Multiple static Spheres/Cubes

I have a 3D grid of spheres. Each frame/update I add 1 or more spheres to the 3D grid. So over time more and more spheres are added. Once added they stay in the same positions. Think of it like a blob made from smaller spheres that grows as more spheres are added to the blob.

The basic flow each frame is;

Update the OpenGL Viewport, Lookat, Rotations, Lights, etc.
Then loop through the spheres and draw them by,

glpushmatrix;
gltranslatef(xpos,ypos,zpos);
quadric:=gluNewQuadric;
gluQuadricNormals(quadric, GLU_SMOOTH);
gluSphere(quadric,radius,precision,precision);
glpopmatrix;
gluDeleteQuadric(quadric);

Then display the result.

The problem is this gets very slow as the sphere count increases.

So my next idea was to only init/clear/lookat once before the main loop and then just render each sphere once as it gets added to the scene. This works but I cannot change the lookat position each frame (this is to auto zoom out to show the blob as it grows).

I have tried push and pop matrix at various points but cannot get it working.

So my basic flow is

InitOpenGL once before the sphere drawing begins
start loop
Draw next sphere (inside above glusphere code)
Update display
repeat loop until stopped

That works and the spheres are added (and a huge speedup from rendering them all each frame) but I cannot reset the view?

Any ideas?

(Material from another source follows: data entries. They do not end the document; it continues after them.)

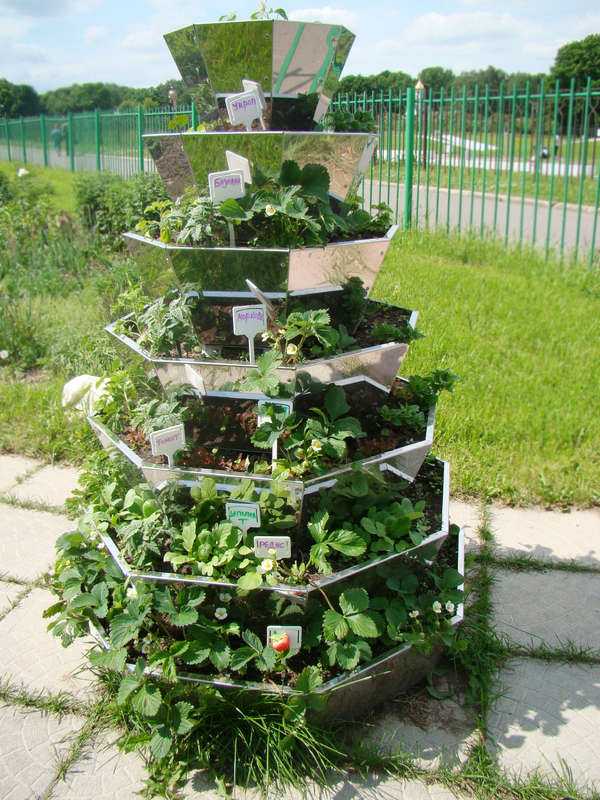 При создании подобной грядки важно не преувеличить количество посадочных площадок на одном крепеже. Оптимальный вариант – до 5 ярусов.
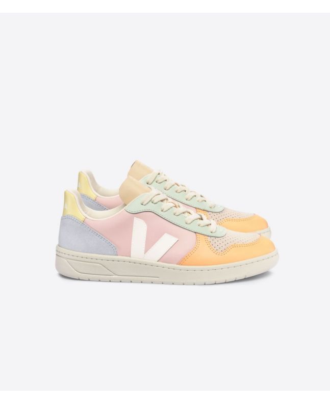 Las zapatillas de cuero para mujer V-10 Leather Petale White Multico de Veja son un calzado deportivo muy cómodo que destaca por su diseño de colores suaves y cálidos en tonos rosa, blanco, lavanda, melocotón y beige, que podrás combinar fácilmente con diferentes estilos y atuendos. Ya sea que desees lucir un look casual y desenfadado o agregar un toque de color a un conjunto más sofisticado.
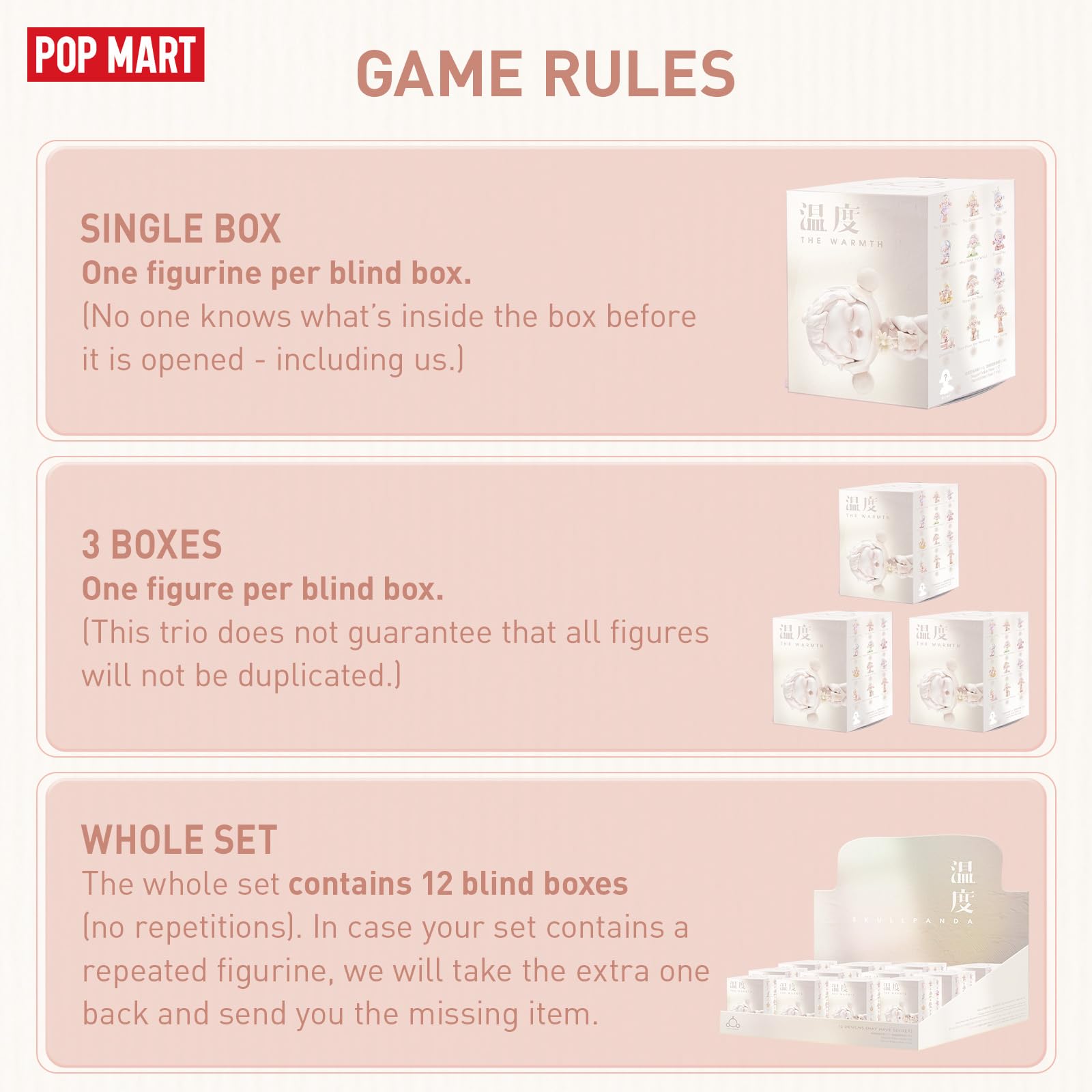 - Q: How many figures are included in the POP MART SKULLPANDA Warmth Series? A: This set includes twelve collectible action figures. It offers a variety of designs perfect for display or gifting.
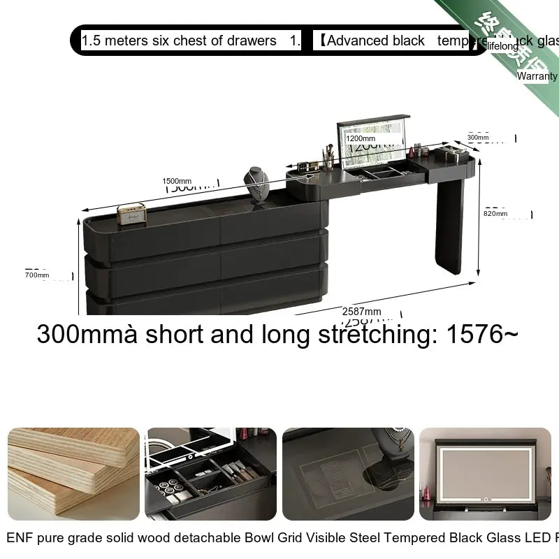 This dressing table is not just about looks; it is designed with practicality in mind. The versatile space allows for effective organization with multiple storage options. Customers can select from various configurations, including 0.6m and 1.2m options featuring three or six chests of cabinets, each equipped with generous storage space. The assembly is straightforward, and clear installation instructions ensure a stress-free setup process.
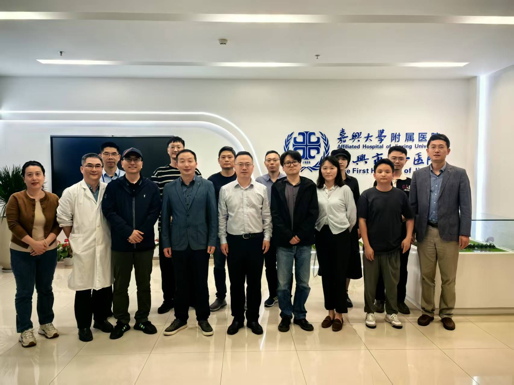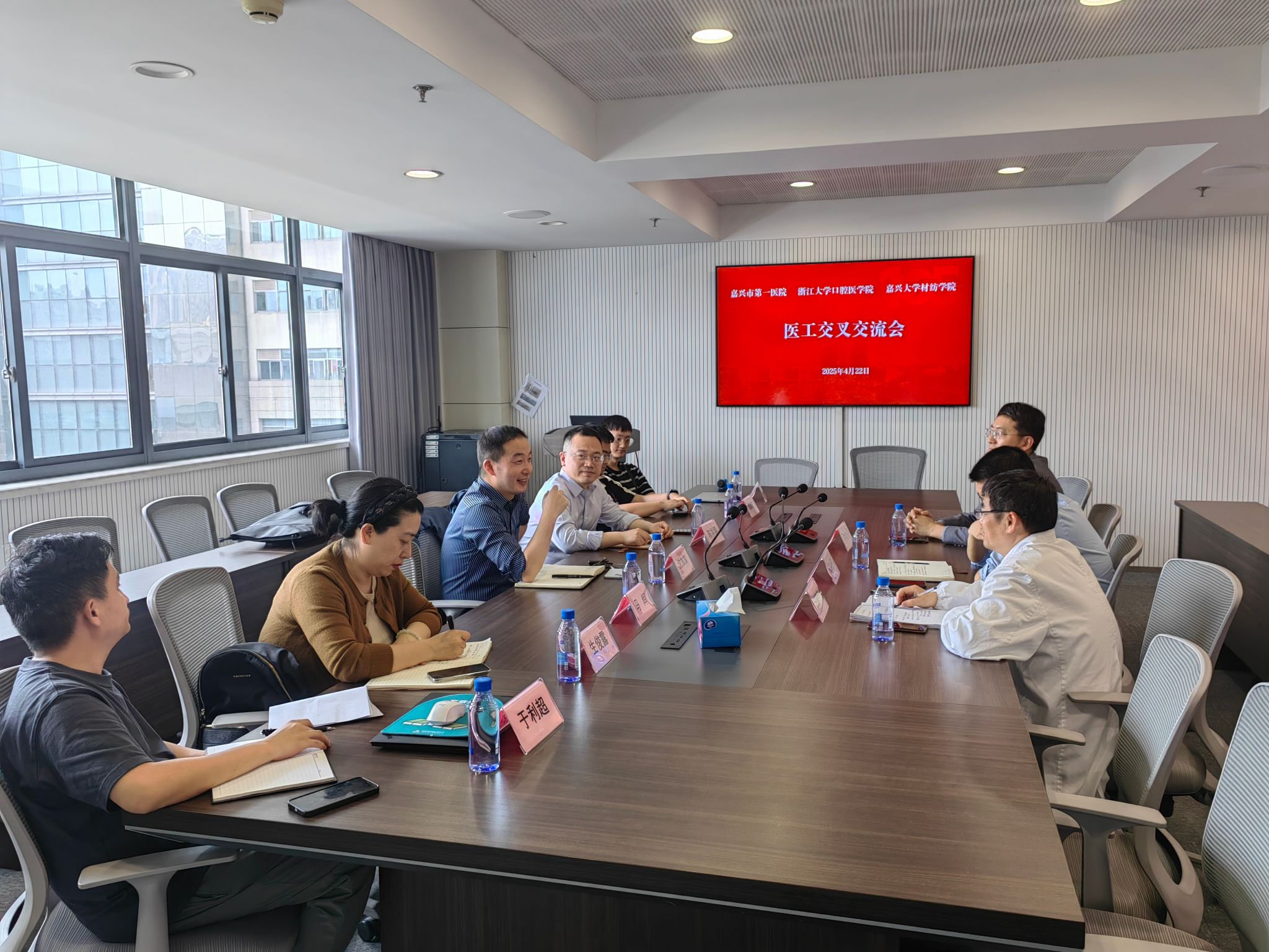 副院长(主持工作)沈加加教授团队、嘉兴市第一医院临床专家及浙大口腔医院陈学鹏教授团队,共同探索医工学科交叉的创新路径。
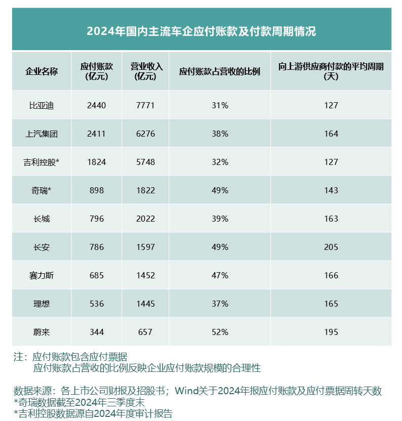 在国内主流车企中,蔚来应付账款占营业收入的比例为52%,长安为49%,长城汽车为39%,上汽集团为38%,比亚迪为31%。在付款周期方面,据Wind数据,截至2024年末,比亚迪与向上游供应商付款的平均周期是127天,为业内最短之一,体现出强大的供应链管控能力。
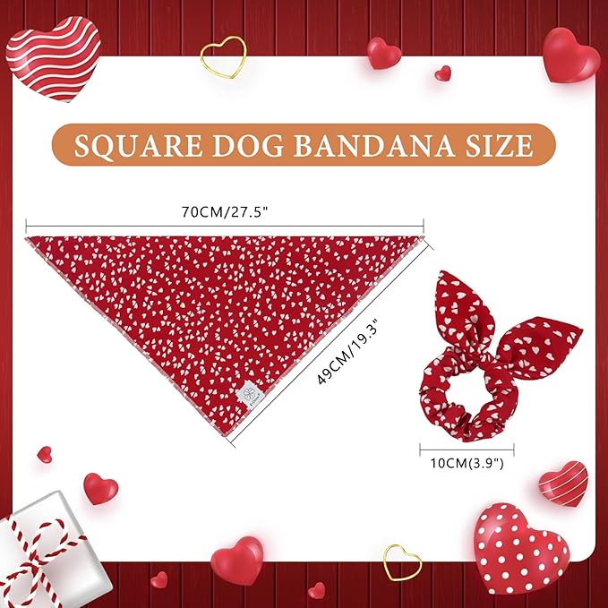 E-Clover Valentine Day Dog Bandana & Matching Scrunchie-Heart Dog Bandanas Red Pet Scarf Bib for Small Dogs Puppy Girl Boy Owner Valentines Mom Gift
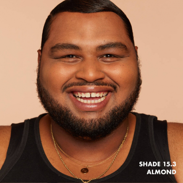 Base líquida ajustável de longa duração. Todos os tipos de peles. Cor Almond.
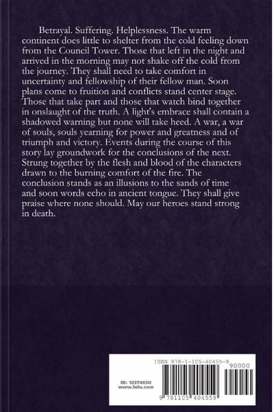 Betrayal. Suffering. Helplessness. The warm continent does little to shelter from the cold feeling down from the Council Tower. Those that left in the night and arrived in the morning may not shake off the cold from the journey. They shall need to take comfort in uncertainty and fellowship of their fellow man. Soon plans come to fruition and conflicts stand center stage. Those that take part and those that watch bind together in onslaught of the truth. A light's embrace shall contain a shadowed warning but none will take heed. A war, a war of souls, souls yearning for power and greatness and of triumph and victory. Events during the course of this story lay groundwork for the conclusions of the next. Strung together by the flesh and blood of the characters drawn to the burning comfort of the fire. The conclusion stands as an illusions to the sands of time and soon words echo in ancient tongue. They shall give praise where none should. May our heroes stand strong in death.

I hope I explained it clear enough and hope I am missing something obvious.

With a perspective projection, you cannot avoid redrawing everything whenever the viewpoint changes.

Also, if you’re using a double-buffered context, note that the contents of the back buffer are undefined after a buffer swap. Some implementations will preserve the contents (allowing you to add to the scene then perform another swap), some won’t.

I suggest learning how to use modern OpenGL so that you can make your rendering code much faster.

[QUOTE=GClements;1286779]With a perspective projection, you cannot avoid redrawing everything whenever the viewpoint changes.
I suggest learning how to use modern OpenGL so that you can make your rendering code much faster.[/QUOTE]

Thanks for the confirmation. I can stop trying to wrangle the old v1 OpenGL calls to do what I want.